First time setup with private WAN
-
Hey folks, I decided to try out pfSense for the first time, so I set it up behind my existing home router. My client behind pfSense can ping the pfsense router, resolve names, ping addresses like 8.8.8.8, but can't access the internet e.g. apt update or wget.
Setup is:
- Version 2.7.2 CE
- pfSense and client are both VMs (on xcp-ng)
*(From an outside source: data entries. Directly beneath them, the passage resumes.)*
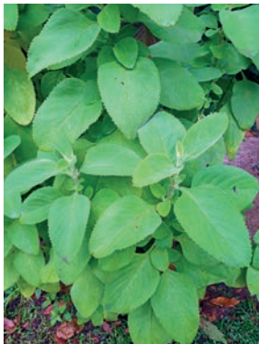
Figura 15. boldo 14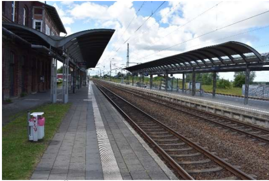
Velgast. Örtlich besetztes Thales-ESTW. Früher mit Eingabestift, jetzt wie üblich mit Maus bedient.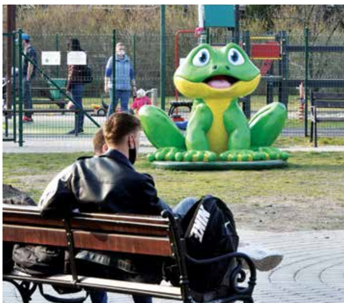
Nyuszi helyett béka ül a fűben a Közvágóhíd téri játszótéren

A talaj kiegyenlítése után gyöngykavicsot szórtak el a területen, hogy az esőzések alkalmával ne legyenek pocsolyák, illetve hogy elvegyék a négylábú kedvencek kedvét a gödörásástól – írja honlapján a Répszolg.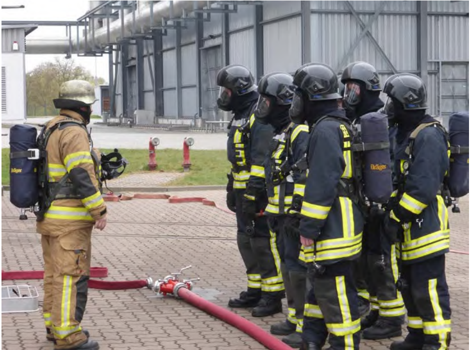
Abb. 7 Die Führungskraft hat eine besondere Verantwortung.

Einsatzkräfte (und dazu zählen auch die Führungskräfte!) helfen an Brand-, Unfall- und anderen Schadenstellen. Oftmals arbeiten an einer Einsatzstelle die Angehörigen verschiedener Einsatzorganisationen eng zusammen. Zu den als besonders belastend empfundenen Einsätzen zählt z. B. die Bergung von Unfallopfern, insbesondere von Kindern oder persönlich bekannten Personen. Wenn Einsatzkräfte selbst gefährdet sind oder andere Einsatzkräfte schwer verletzt oder gar getötet werden, stellt dies ebenfalls eine besonders außergewöhnliche Belastung dar.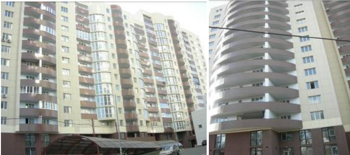
Секції 6-5, 6-6 та 6-7 житлового будинку № 6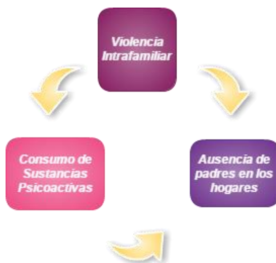
Figura 3. Problemáticas

Básicamente lo que se presenta es un círculo vicioso para los individuos, familias y comunidades afectadas con las problemáticas presentadas, ya que una de ellas puede generar la siguiente, o existir presencia de más de una problemática.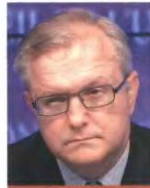
Ζαν-Κλοντ Γιούνκερ, πρόεδρος του Eurogroup.

«Η τρόικα, η οποία θα φθάσει στην Αθήνα στις 24 Ιουλίου, θα κάνει πλήρη καταγραφή των αναγκών.»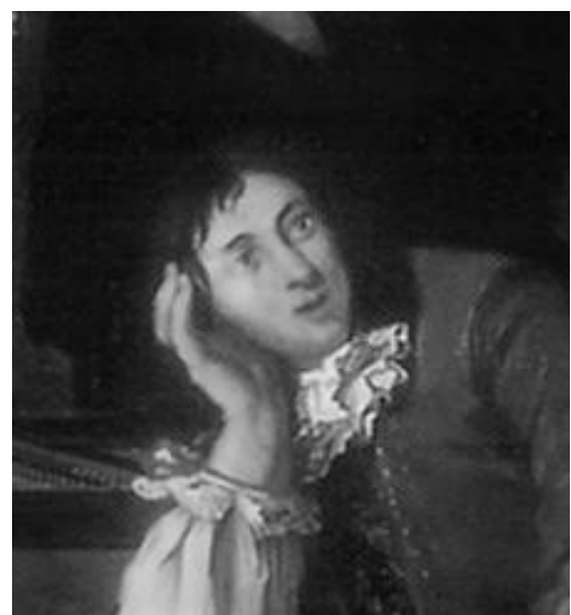
Dieterich Buxtehude Ausschnitt aus „Musizierende Gesellschaft“ von Johannes Voorhout 1674

Lassen wir uns von dieser mehr als 300 Jahre alten Musik, die unserem Denken und unserer Lebensart doch sehr weit entfernt ist, auf ganz besondere Weise berühren.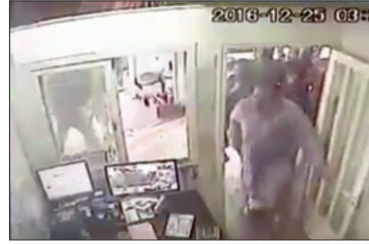
الجننة لدى دخولهم مكتب المحاسب

خدمة تبديل الزيوت والكهرباء وغيرها من الامور المتعلقة بأعمال الميكانيكا. وجاء ضبط المتهمين في الواقعة بعد ان تداول نشطاء على مواقع التواصل الاجتماعي واقعة دخول المواطنين الأربعة الى غرفة المحاسب وضربه بشكل عنيف مستخدمين العجرات وغيرها من الوسائل التي سقط على اثرها المحاسب أرضاً بفعل نواله وعنف الضربات، وكانت كاميرا مثبتة داخل غرفة المحاسب وثقت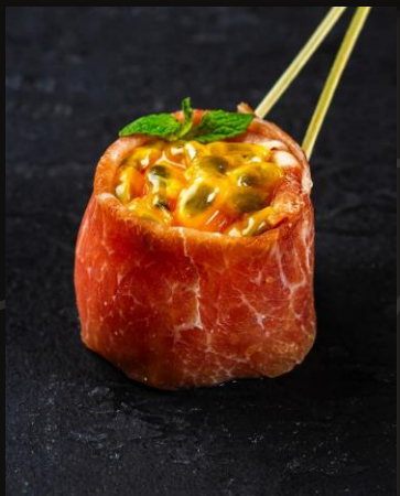
Парма с дыней канталупа и маракуйей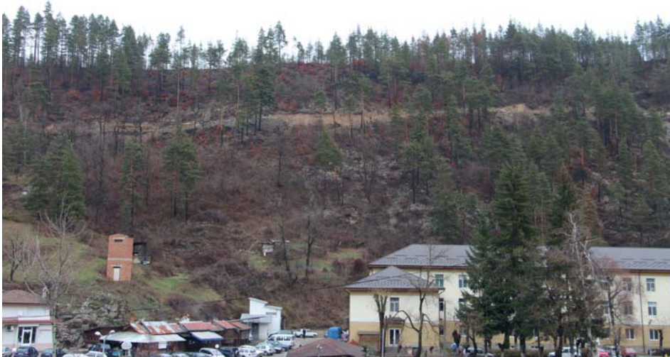
Изключително тежка картина представляваше повалената гора над гр. Мадан. Днес това е един от обектите в ГСУ - Мадан, в който раните от бедствието почти не личат

пострадалата дървесина - 203 000 куб. метра. В стопанството тъкмо приключва инвентаризацията за изработване на новия горскостопански план, но лесоустроителите остават, за да помогнат с невиданата до този момент инвентаризация на падналата маса. ДГС - Златоград, е изправено пред работа, която не им е съвсем непозната, тъй като през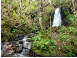
Cascada del río Nonaya, Salas

Publicado por Cicloturismo - 22 May 2016 11:23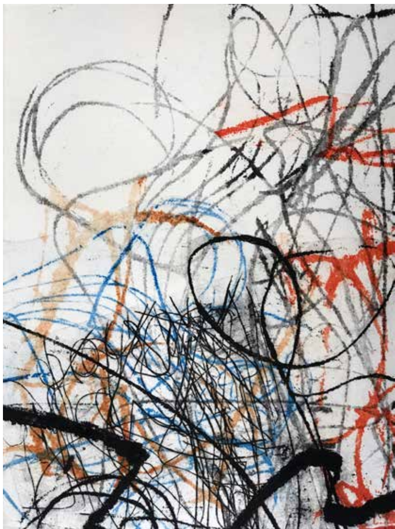
Colleen Sullivan. Stories: Monotypes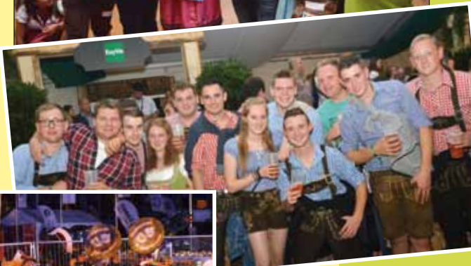
Auf der Party spielte zur Begrüßung der Landjugend Fanfarenzug Ankenreute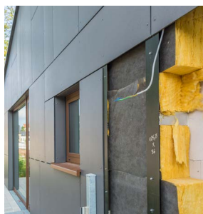
Isolation des murs par l'extérieur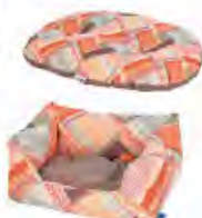
L'Isola dei Tesori PETUP CUSCINO OVALE E CUCCIA RELAX

Hurttà Italia lancia la versione Eco di Outback Dreamer. Innovativa cuccia-sacca a pelo, con materiale riciclato al 100% da bottiglie di plastica. Al design innovativo che caratterizza Outback Dreamer, progettato per garantire un riposo caldo e confortevole al cane in viaggio, in campeggio, nelle escursioni o nelle pause dalle attività sportive, si aggiunge l'attenzione per l'ambiente. www.hurttà.it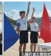
入場行進と開会式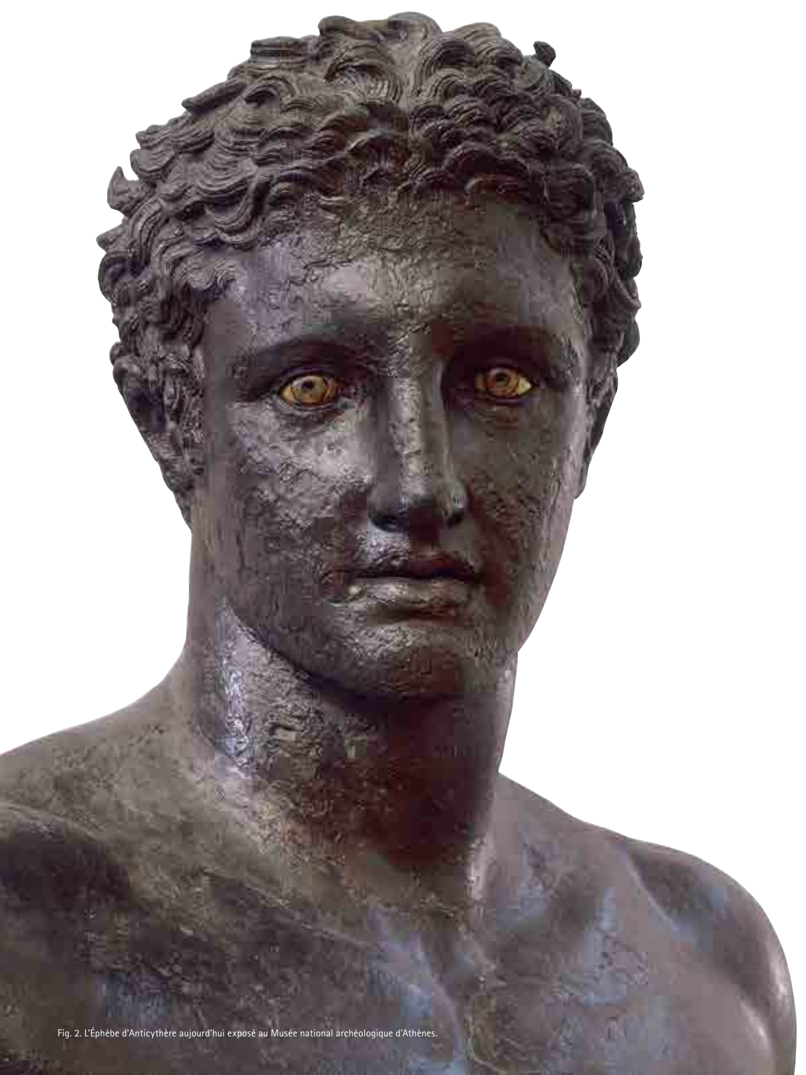
Fig. 2. L'Éphèbe d'Anticythère aujourd'hui exposé au Musée national archéologique d'Athènes.

- WAN is private, e.g. 192.168.21.0/24
- LAN is private, e.g. 192.168.40.0/24
- Client on lan, set to route through pfsense
- WAN interface - disabled the options to block private ips and bogons
- Routing - only WAN gateway is set, no LAN gateway set up
- NAT - the default automatic rule is there, to nat lan networks onto the wan ip
- Tried going back through the setup wizard a few times just to be safe
- Double NAT, of course, since my main gateway is also a NAT
I also did a clean install of opnsense the same way, same setup wizard (again, first time user of that too), but in that case it DOES route traffic to the internet for me.
Any known issues in pfSense with xcp-ng (Xen), double NAT, private WAN ports, etc.? For reference I'm new to pfSense/opnSense but not new to network engineering, so just not sure what configs to compare between the working (opnsense) and non-working pfsense, and logs, diagnostics, etc.
-
@nerdile
Did you disable TX Checksum Offload on the virtual Interfaces in XEN?And also in pfSense System > Advanced > Networking > Hardware Checksum Offloading?
-
@viragomann This was exactly it. Thank you!
-
@nerdile In case anyone is struggling with a similar issue in the future, one thing I noticed that could indicate this issue is that the firewall shows allowing the SYN packets from the LAN client but never shows any responses later. (You have to turn on logging of your default allow rule to see this traffic flowing.)